Can you say “conflict of interest”?
That’s the heart of the latest public relations effort by The Childbirth Connection, the leading lobbying organization of the natural childbirth industry.
The New York Times’ Motherlode blog notes, New Report Urges Less Intervention in Births.
But getting your information on birth from The Childbirth Connection is like getting your information on solar power from Big Oil.
Just like Big Oil has a financial interest in whether or not you choose solar power, the constituency of The Childbirth Connection (midwives, doulas and childbirth educators, aka “birth workers”) have a financial interest in whether or not you choose obstetric interventions.
The Childbirth Connection is well known for ignoring data, even its own data, in favor of promoting full employment for birth workers. The Childbirth Connection has published three “Listening to Mothers” surveys on the state of childbirth in the US, and each time they refuse to listen to what mothers tell them: approximately 90% of women in the US are happy with maternity care; the majority of women who use epidurals are extremely pleased with them; the majority of women who use alternative methods of pain relief find them to be ineffective, etc.
Despite what women have told them, despite the spectacular success of modern obstetrics, despite that fact that the only places in the world with low perinatal and maternal mortality are places with easy access to and liberal use of childbirth interventions, The Childbirth Connection insists there is a crisis.
“If overtreatment is defined as instances in which an individual may have fared as well or better with less or perhaps no intervention,” the report states in its forward, “then modern obstetric care has landed in a deep quagmire. Navigating out of that territory will be challenging.”
Dr. Sarah Buckley, who collected and interpreted the research and wrote the report, suggests within it a number of ways of escaping that quagmire, all based on the premise that the hormonal physiology of childbirth nearly always works best when it is left to work at its own speed. The benefits of the natural process, her synthesis of the research suggests, go far beyond what we had previously understood; preparing mother and baby for birth through hormonal changes up to and during the labor and birth process.

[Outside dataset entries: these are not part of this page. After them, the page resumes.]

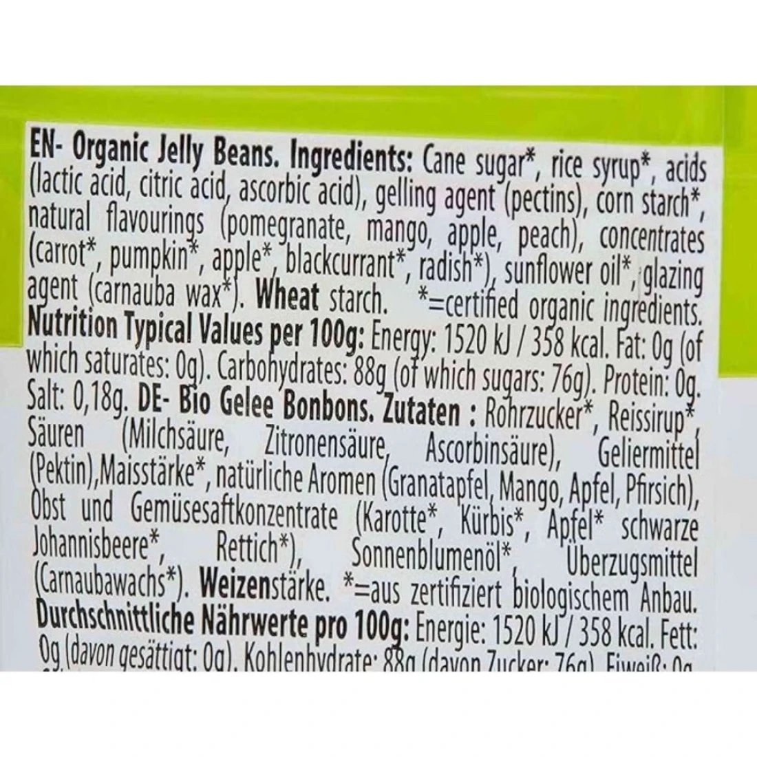 ingredients : Organic Cane Sugar, Organic Rice Syrup, Lactic Acid, Citric Acid, Ascorbic Acid, Pectin, Organic Corn Starch, Natural Flavours, Coloured With Organic Concentrate (Carrot, Pumpkin, Apple, Blackcurrant And Radish), Organic Sunflower Oil, Organic Carnauba Wax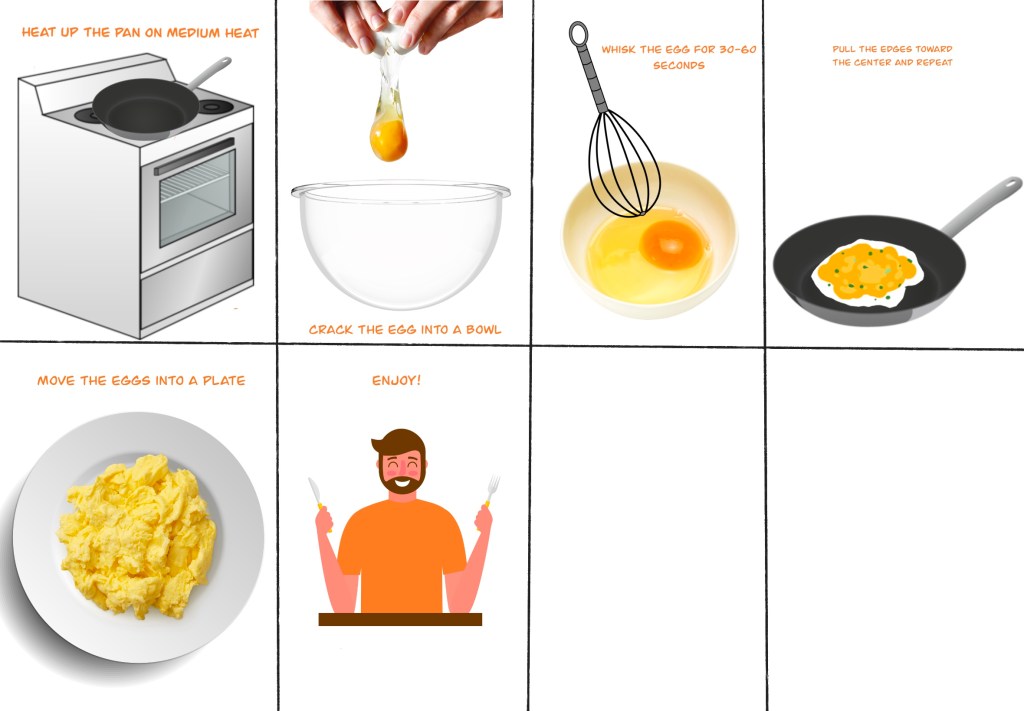I chose to do a comic/scrapbook type of instructions on how to make scrambled eggs.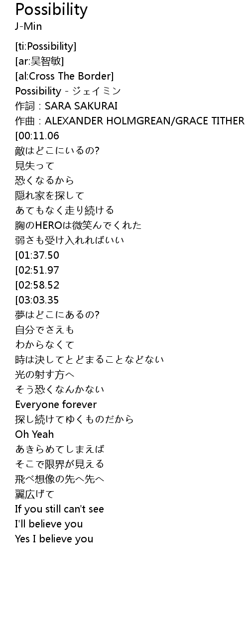 | [00:00.88] | Possibility - ジェイミン |
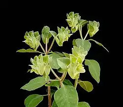 Es una planta suculenta arbustiva con las inflorescencias en ciatios.
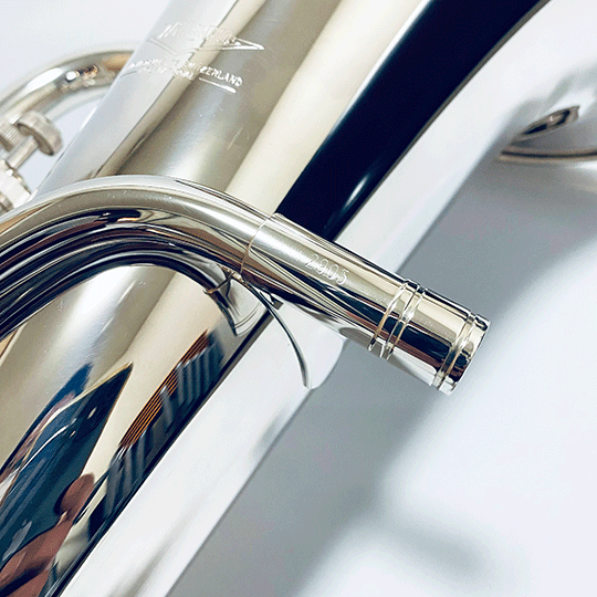 TA2900BSと楽器全体の形状もボアサイズも変わらないが、1番管のプロテクターを軽量化し、2番管のプロテクターを外しています。 U字管の接合部と、いくつかのパーツを軽量タイプに変更した以外は、基本的に従来のTA2900BSと全く同じパーツを使用しています。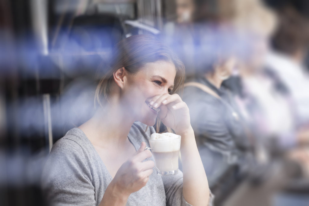 Portrait of laughing young woman drinking milk coffee in a cafe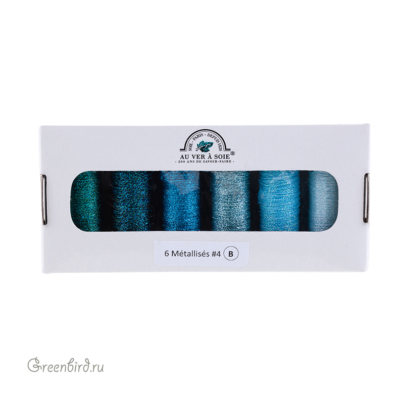 Набор металлизированных нитей Au Ver à Soie Metallise Tresse #4 6 Nuances (6 Shades) для вышивки и ручной работы. Нити Metallise Tresse представляют собой тонкий плетеный шнур и благодаря своей структуре не раскручиваются во время работы. Подходят для ручного вязания. Цвет: Blue (микс разных оттенков голубого), оттенки: #029 (морская волна), #2933 (бирюзово-синий), #006 (ярко-синий), #014 (серебристо-голубой), #049 (голубой), #094 (нежно-голубой). Состав: 35% полиэстер, 65% купро (тонкая шелковая вискоза). Производство: Франция. Цена указана за один набор (6 катушек по 10 м).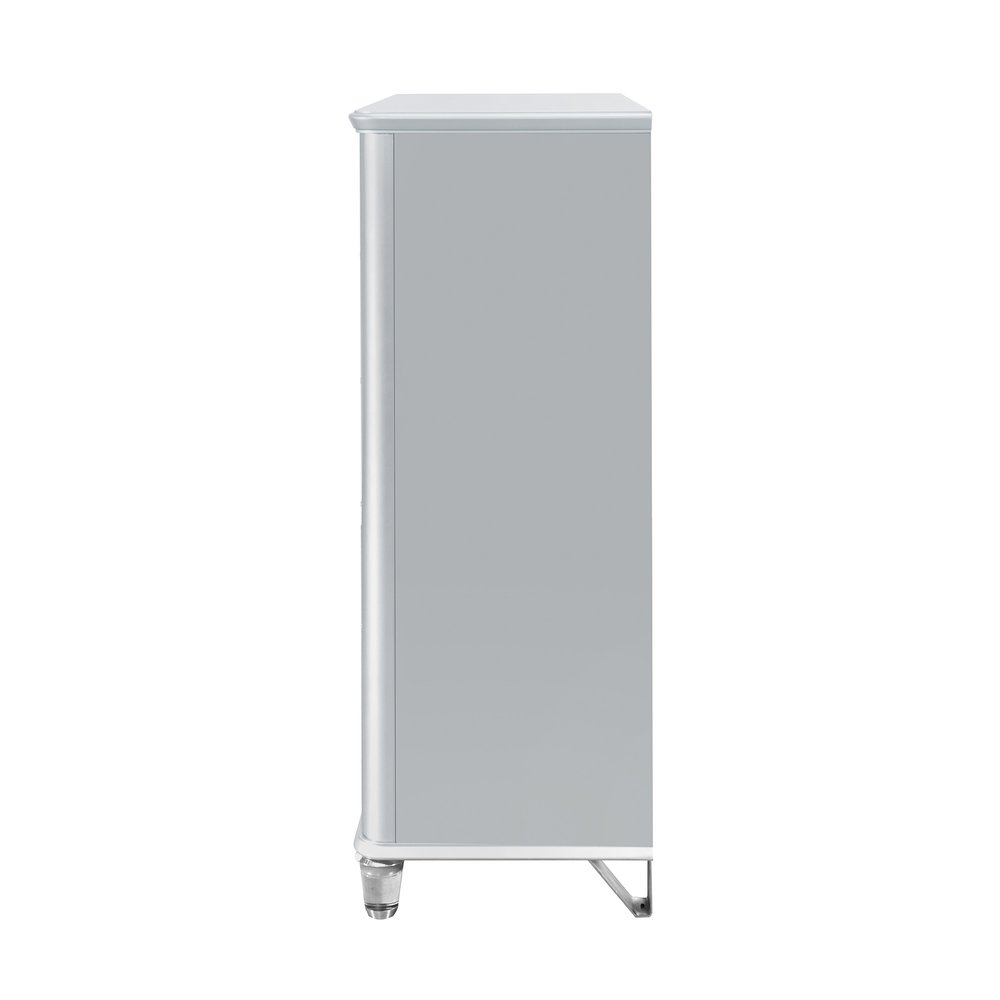 Make your room functional and visually enticing with this masterful 38-inch silver wood five drawer dresser. This vertical standard dresser has a convenient and wide top area for your getting ready needs and supplies. Equipped with five easy open drawers for practical and good looking clothing storage. This dresser will bring some modern and contemporary vibes to your room. 50.00-inch h x 37.99-inch w x 17.52-inch d.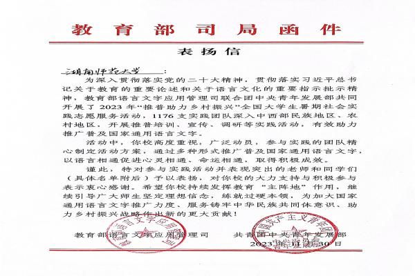 (通讯员 胡筱晨)近日,教育部语言文字应用管理司、共青团中央青年发展部发来表扬信,对我校积极开展2023年“推普助力乡村振兴”全国大学生暑期社会实践志愿服务活动给予了表扬,对我校实践团队积极推广普及国家通用语言文字、助力乡村振兴给予了高度肯定。其中化学化工学院“麓山青年”暑期社会实践队获2023年“推普助力乡村振兴”全国大学生暑期社会实践志愿服务活动优秀团队。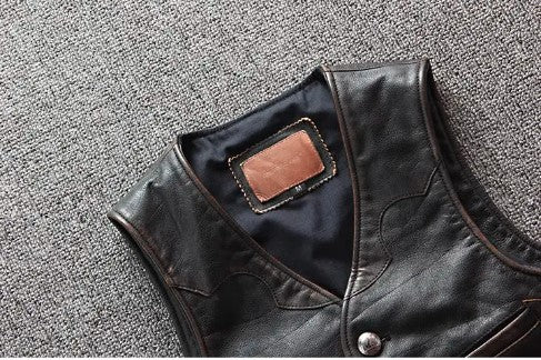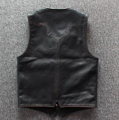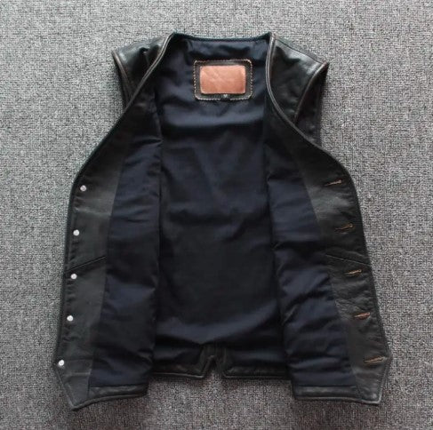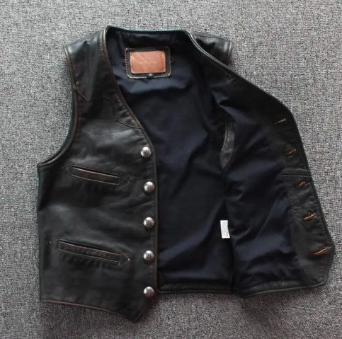 Genuine Cowhide Leather Motorcycle Biker Vest for Men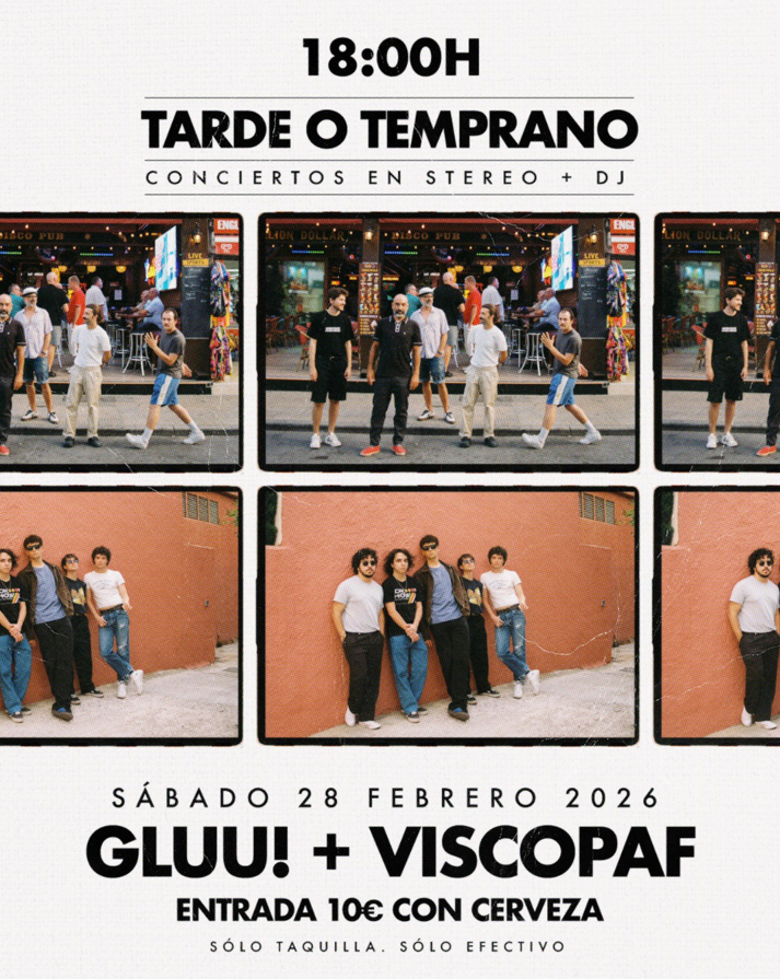 Gluu!+ Viscopaf tocarán en Stereo Alicante el 28 de febrero de 2026. ...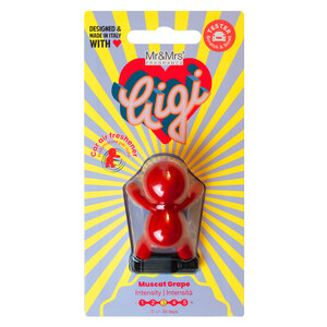 Gigi, col suo sederino all'insù, è un cucciolo tenero e coccoloso. Portatelo a passeggio in auto con voi, camminerà su quattro gambe come un neonato sulle vostre bocchette dell'aria e profumerà teneramente ogni istante del vostro viaggio. Fragranza : Muscat Grape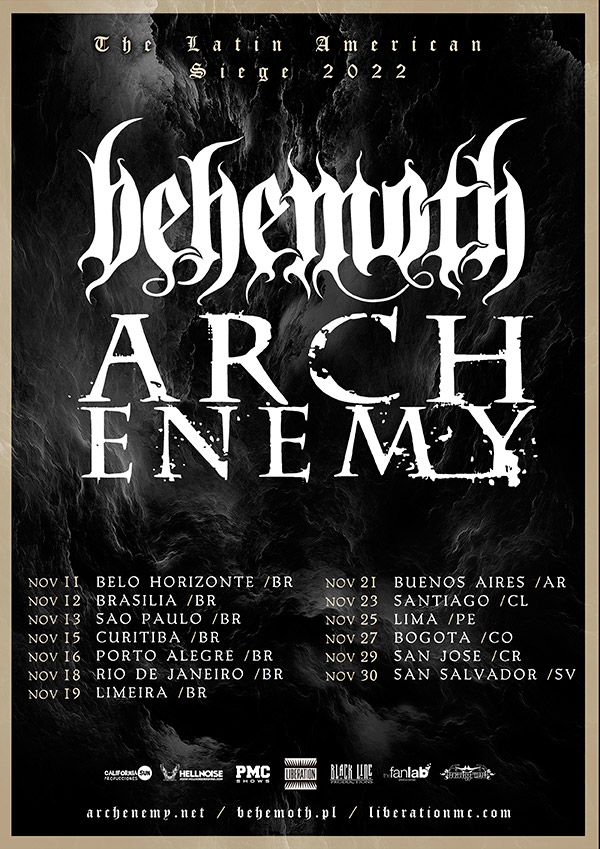 Duas das mais reverenciadas bandas do metal mundial se aliaram para realizar a turnê mais brutal e avassaladora que cruzou os Estados Unidos a Europa em 2022: Behemoth, da Polônia, e Arch Enemy, da Suécia. Com enorme satisfação, a Liberation Music Company trará a tour à América do Sul em novembro deste ano: The Latin American Siege Tour 2022!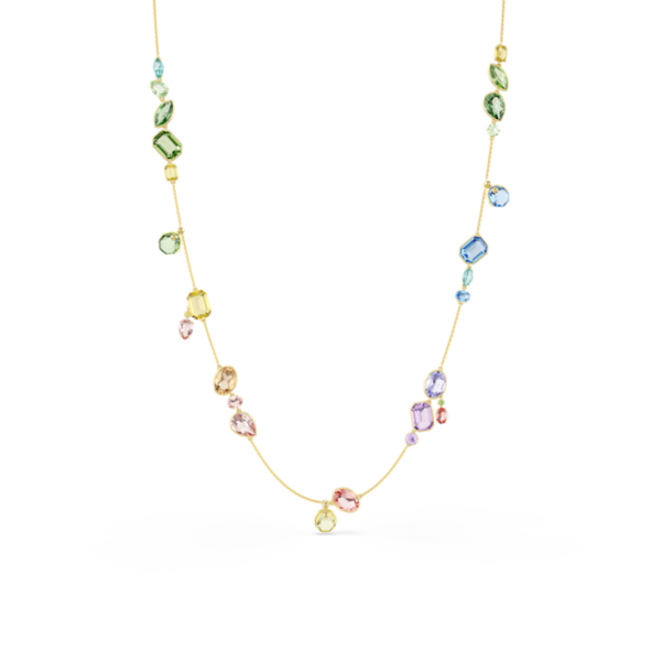 Gema Dizi Kolye, Karışık kesimler, Çok renkli, Altın rengi kaplama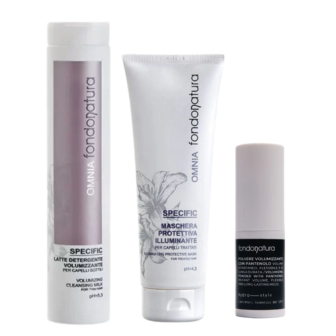 Omnia šampūnas ir kaukė pirmiausia stiprina plaukus iš vidaus ir saugo spalvą, o pudra suteikia lengvą, purią ir ilgai išliekančią apimtį.

Dr. Buckley takes a page out of the playbook for challenging modern medicine. Paul Wolpe explains the steps in The Holistic Heresy: Strategies of Ideological Challenge in the Medical Profession.
1. Alternative health advocates must:
must portray the discourse as in crisis, must provide an alternative ideology to rescue the discourse, must legitimize their ideology through appeal to a reframed historical myth, and must portray the orthodoxy as a betrayer of the discourse.
Hence Buckley’s claim that modern obstetric care has landed in a deep quagmire. Really? In the past 100 years modern obstetrics has dropped the neonatal mortality rate by 90% and the maternal mortality rate by 99%! That doesn’t sound like a quagmire to me. The real quagmire is where “birth workers,” midwives, doulas and childbirth educators find themselves. They feel marginalized by lifesaving technology, so they demonize it.
2. Then offer the new philosophy, positioning it as the replacement for the old:
[The critic] draws from the marginalized or folk knowledge of the tradition and elevates the constructs found there to primary importance…
… [G]reat pains are usually taken … to show that the alien ideas are not in fact alien at all, but have existed in the discourse in a different form. [Critics] often import foreign, folk, and traditional forms of healing into their practices, [carefully describing] them as wholly compatible with Western medicine, scientifically valid, or historically present in other forms.
Hence, Buckley’s claim that “the hormonal physiology of childbirth nearly always works best when it is left to work at its own speed. The benefits of the natural process … go far beyond what we had previously understood.”
3. Blur the distinction between health and disease:
The goal of holistic health is more than the absence of disease; it is a state of optimal functioning, often referred to as ‘wellness’… [which] greatly expands the role of the [alternative provider] in medical intervention …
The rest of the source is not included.